*** Begin section ***
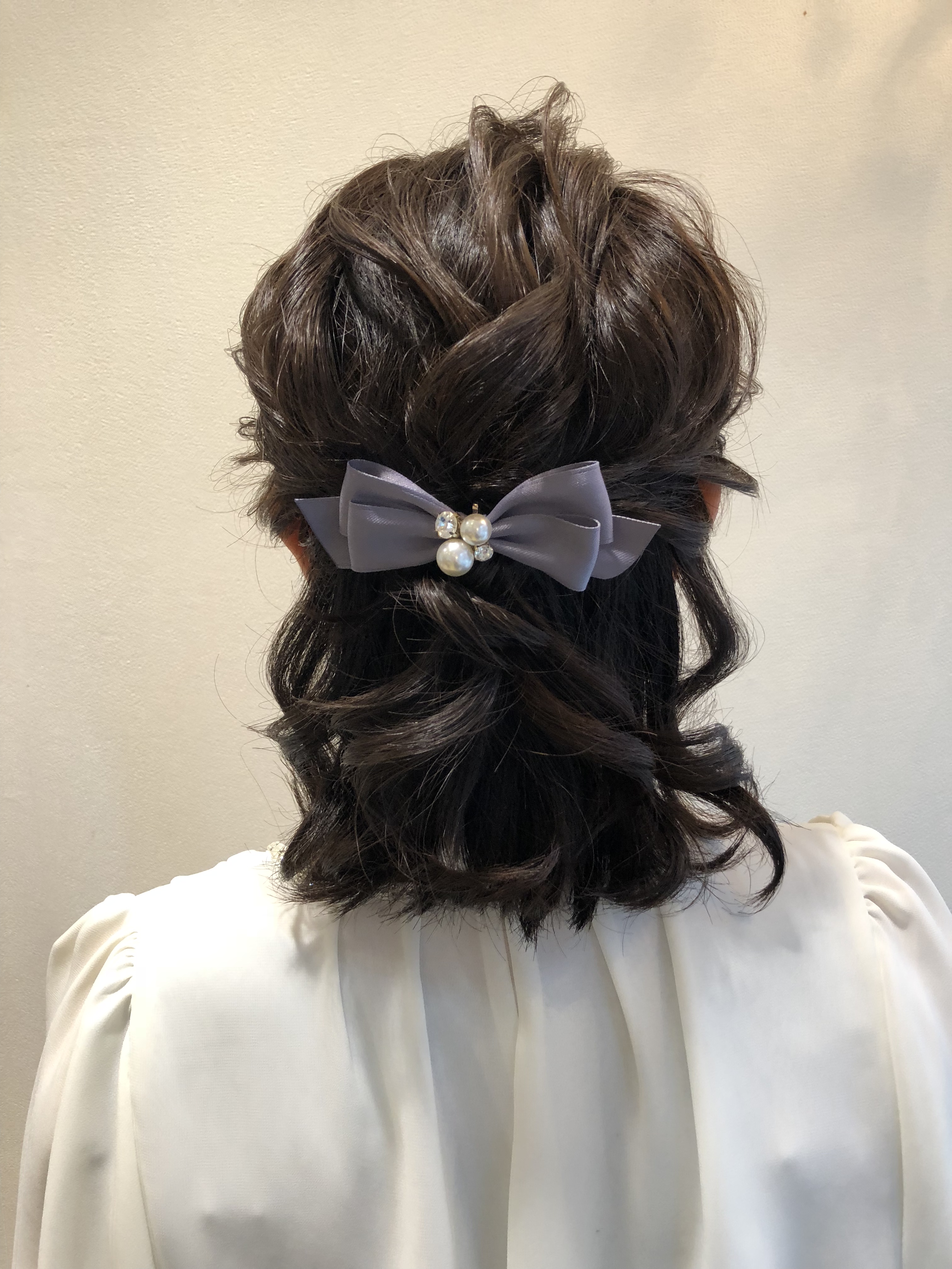 ご要望は特になかったのですがヘアアクセサリーを持ってらっしゃったのでそれに合うヘアアレンジをハーフアップをご提案させて頂きました。
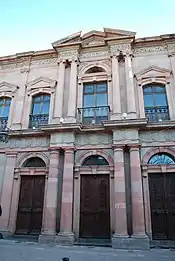 The Casa del Mayorazgo de la Canal dates from the 18th century, constructed by Mariano Loreto de la Canal y Landeta.[4] During the late colonial period, this house was the most important secular building, being home to the De la Canal family, one of the wealthiest in New Spain.[31][33] The original construction was inspired by French and Italian palaces of the 16th to 18th centuries. The house is considered to be a transitional work between Baroque and Neoclassical,[14] as its façade was redesigned by Manuel Tolsá in the early 19th century.[4] The façade is Neoclassical with the coat of arms of the family. The main portal has two levels with an arch and a relief of an eagle on the keystone. The main door is profusely decorated with high reliefs.[4] Today, it houses the Casa de Cultura de Banamex (Banamex Cultural Center), which houses a collection of historic paintings and offers diverse expositions during the year.[36][34]
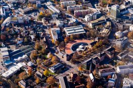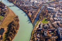 Noch ist die Inn- und Kreis-Stadt Rosenheim ohne weißes Winterkleid, so dass bei einem Flug über die Stadt viele Stadt-Merkmale besonders gut erkannt werden können – zum Beispiel der Mangfall-Kanal, wenn er in den Inn mündet oder deer Rosenheimer Lokschuppen, der sich gerade von oben in seiner eigenwilligen Architektur zeigt.
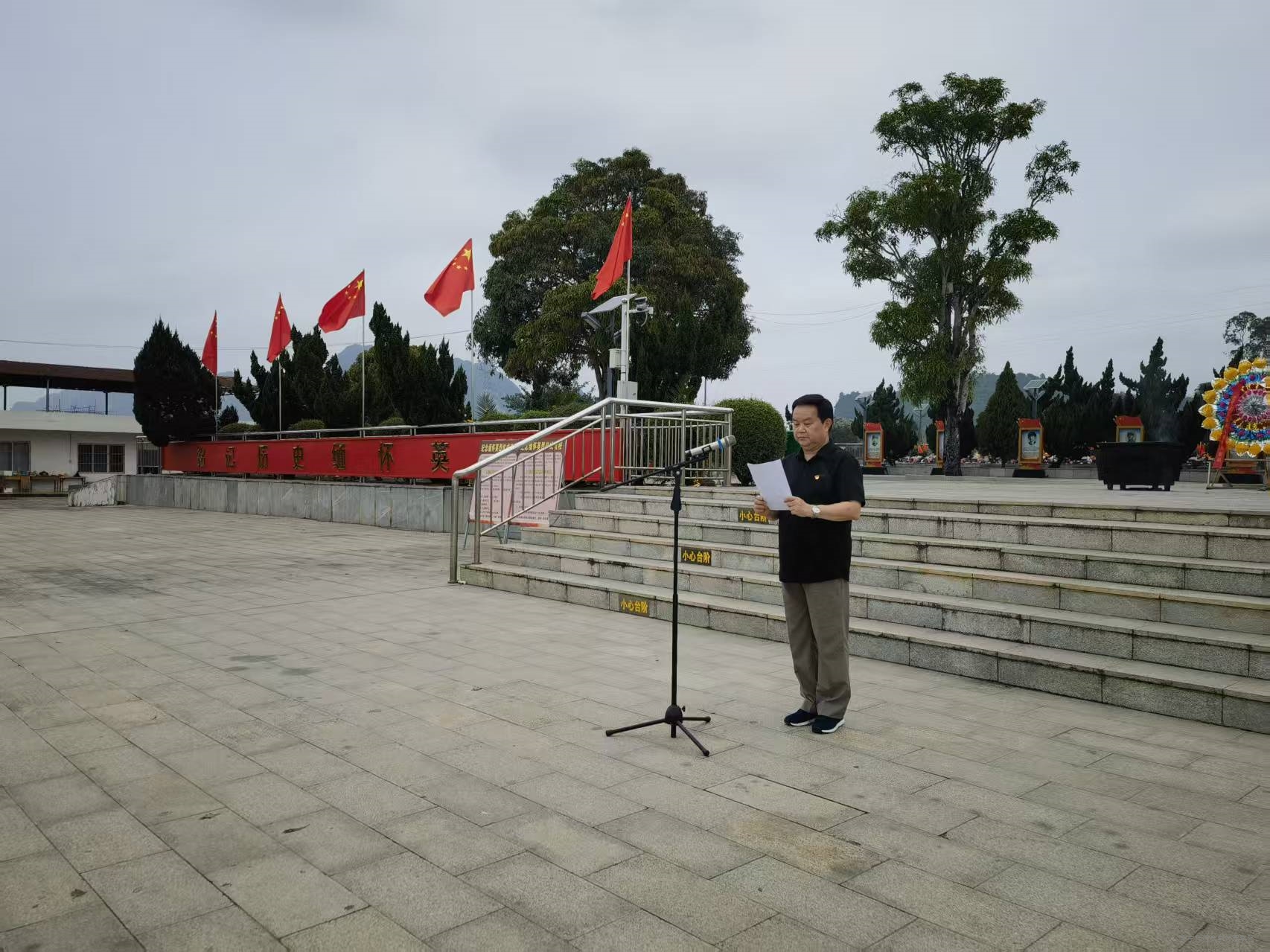 在龙州烈士纪念碑前,李剑喜常务副校长上前整理花圈缎带,带领全体人员缓步行至纪念碑前敬献鲜花,向革命先烈默哀,表达深切缅怀和崇高敬意。他表示,缅怀先烈遗志、汲取奋进力量,是新时代青年传承红色基因、砥砺初心使命的重要途径,对此,他向广大教师提出三点要求和希望:一是筑牢信仰之基,坚守育人初心。要以革命先烈为精神标杆,坚定理想信念,牢记为党育人、为国育才使命,把英烈精神融入师德师风建设,把个人理想追求融入教育事业,以坚定信仰引领学生成长。二是讲好红色故事,厚植爱国情怀。充分用好龙州红色资源,将英烈事迹、革命历史、边疆精神融入课堂教学与思政教育,通过多样化教学引导学生铭记历史,厚植爱党爱国情怀。三是汲取奋进力量,勇担时代使命。要把缅怀追思转化为干事创业的动力,把英雄精神转化为立足岗位的实际行动、履职尽责的强劲动力,着力培养德智体美劳全面发展的社会主义建设者和接班人。
*** End section ***
● The task: Transcribe the data completely. No pictures should appear in the transcription.

● Result:
 ご要望は特になかったのですがヘアアクセサリーを持ってらっしゃったのでそれに合うヘアアレンジをハーフアップをご提案させて頂きました。
 The Casa del Mayorazgo de la Canal dates from the 18th century, constructed by Mariano Loreto de la Canal y Landeta.[4] During the late colonial period, this house was the most important secular building, being home to the De la Canal family, one of the wealthiest in New Spain.[31][33] The original construction was inspired by French and Italian palaces of the 16th to 18th centuries. The house is considered to be a transitional work between Baroque and Neoclassical,[14] as its façade was redesigned by Manuel Tolsá in the early 19th century.[4] The façade is Neoclassical with the coat of arms of the family. The main portal has two levels with an arch and a relief of an eagle on the keystone. The main door is profusely decorated with high reliefs.[4] Today, it houses the Casa de Cultura de Banamex (Banamex Cultural Center), which houses a collection of historic paintings and offers diverse expositions during the year.[36][34]
 Noch ist die Inn- und Kreis-Stadt Rosenheim ohne weißes Winterkleid, so dass bei einem Flug über die Stadt viele Stadt-Merkmale besonders gut erkannt werden können – zum Beispiel der Mangfall-Kanal, wenn er in den Inn mündet oder deer Rosenheimer Lokschuppen, der sich gerade von oben in seiner eigenwilligen Architektur zeigt.
 在龙州烈士纪念碑前,李剑喜常务副校长上前整理花圈缎带,带领全体人员缓步行至纪念碑前敬献鲜花,向革命先烈默哀,表达深切缅怀和崇高敬意。他表示,缅怀先烈遗志、汲取奋进力量,是新时代青年传承红色基因、砥砺初心使命的重要途径,对此,他向广大教师提出三点要求和希望:一是筑牢信仰之基,坚守育人初心。要以革命先烈为精神标杆,坚定理想信念,牢记为党育人、为国育才使命,把英烈精神融入师德师风建设,把个人理想追求融入教育事业,以坚定信仰引领学生成长。二是讲好红色故事,厚植爱国情怀。充分用好龙州红色资源,将英烈事迹、革命历史、边疆精神融入课堂教学与思政教育,通过多样化教学引导学生铭记历史,厚植爱党爱国情怀。三是汲取奋进力量,勇担时代使命。要把缅怀追思转化为干事创业的动力,把英雄精神转化为立足岗位的实际行动、履职尽责的强劲动力,着力培养德智体美劳全面发展的社会主义建设者和接班人。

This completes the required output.